What is the rare biosphere?
Microbial communities normally follow a pattern in which only a few species are highly abundant, while the vast majority of diversity is low in abundance and belongs to the so-called ‘rare biosphere’. In fact, there are thousands of species of prokaryotic microorganisms that can inhabit 1 litre of seawater. However, only 2 to 5% of these species are abundant, while the rest are rare and very difficult to detect and identify due to methodological limitations.
Why is it so important to study rare microorganisms?

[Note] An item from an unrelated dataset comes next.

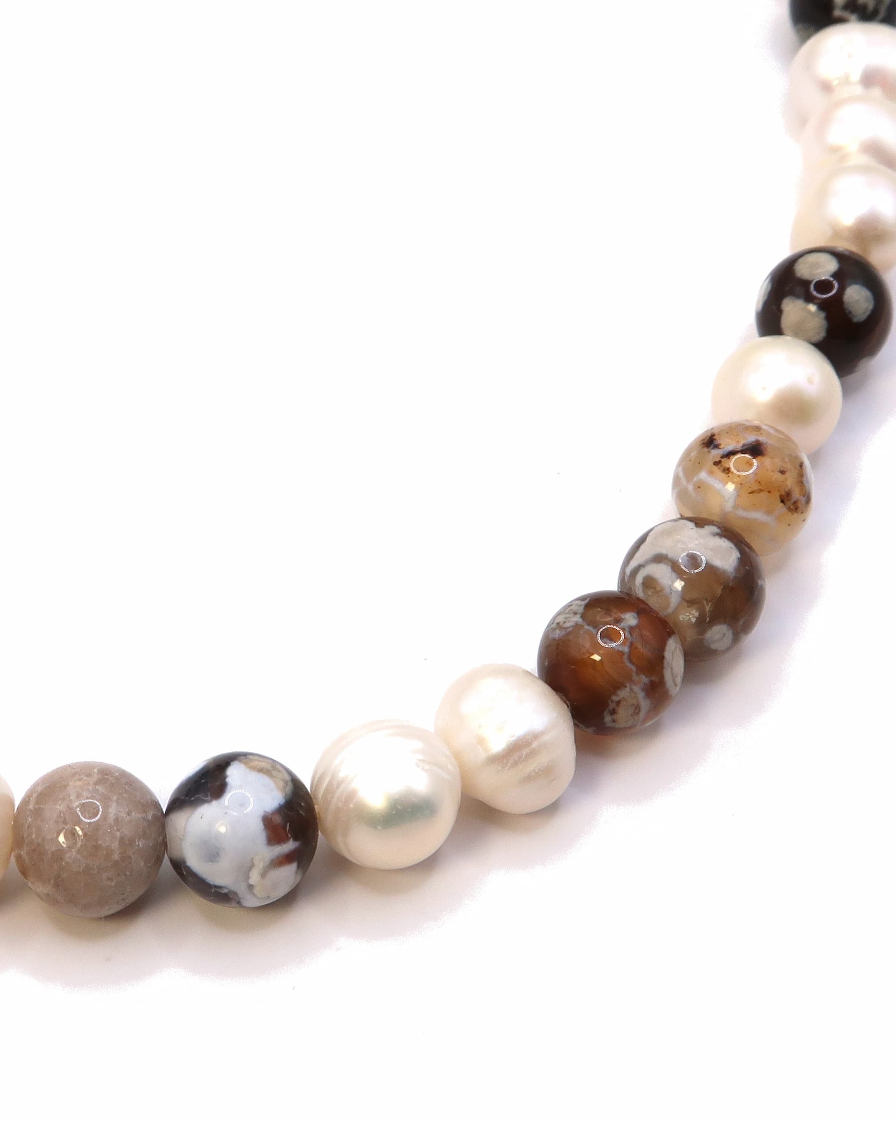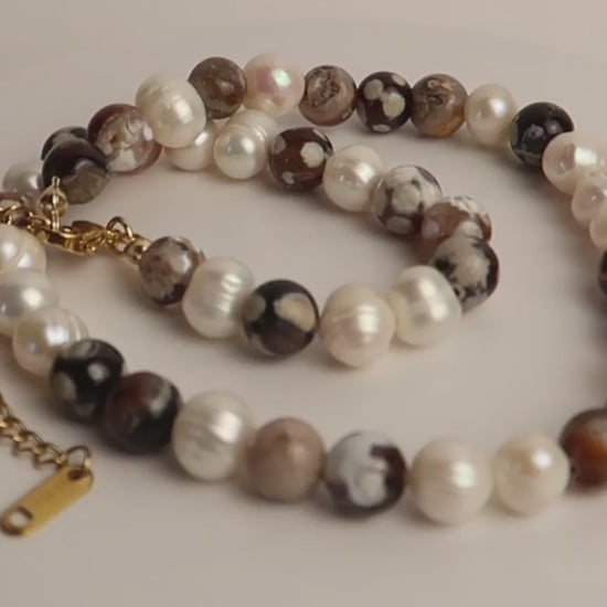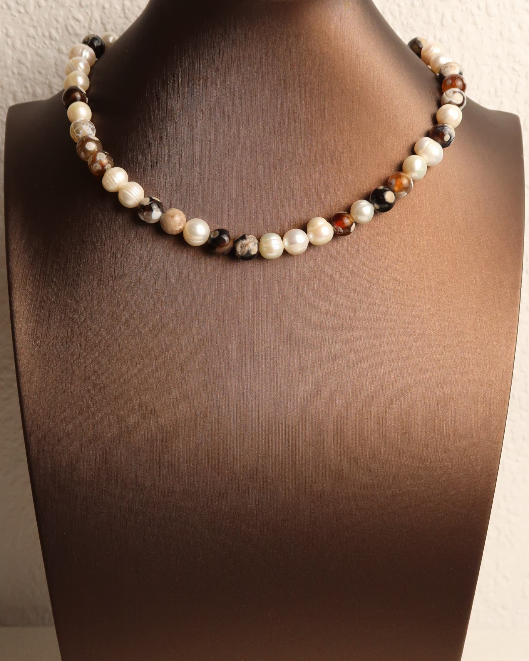 RAYA - Perlenkette mit Süßwasserperlen und Feuer Achat

Although they are not very abundant, rare species contain the greatest genetic diversity on the planet. They are responsible for providing great resilience to an ecosystem: ‘if the most abundant species are threatened by climate change, other rare species can take over and ensure the functions of the microbiome, keeping the ecosystem stable,’ explains Francisco Pascoal. The rare biosphere therefore plays a very important role in ecosystem responses to major changes in the environment, such as the effects of climate change. Studying rare organisms allows us to understand the resilience of ecosystems to these changes and to study their reaction to environmental alterations.
What is innovative about ulrb?
By employing unsupervised machine learning techniques,
ulrb allows researchers to quickly and reliably identify rare microorganisms in a community. A major advantage of this method is its adaptability to different methodological contexts, i.e. the algorithm ‘learns’ the patterns present in the data itself, regardless of its origin.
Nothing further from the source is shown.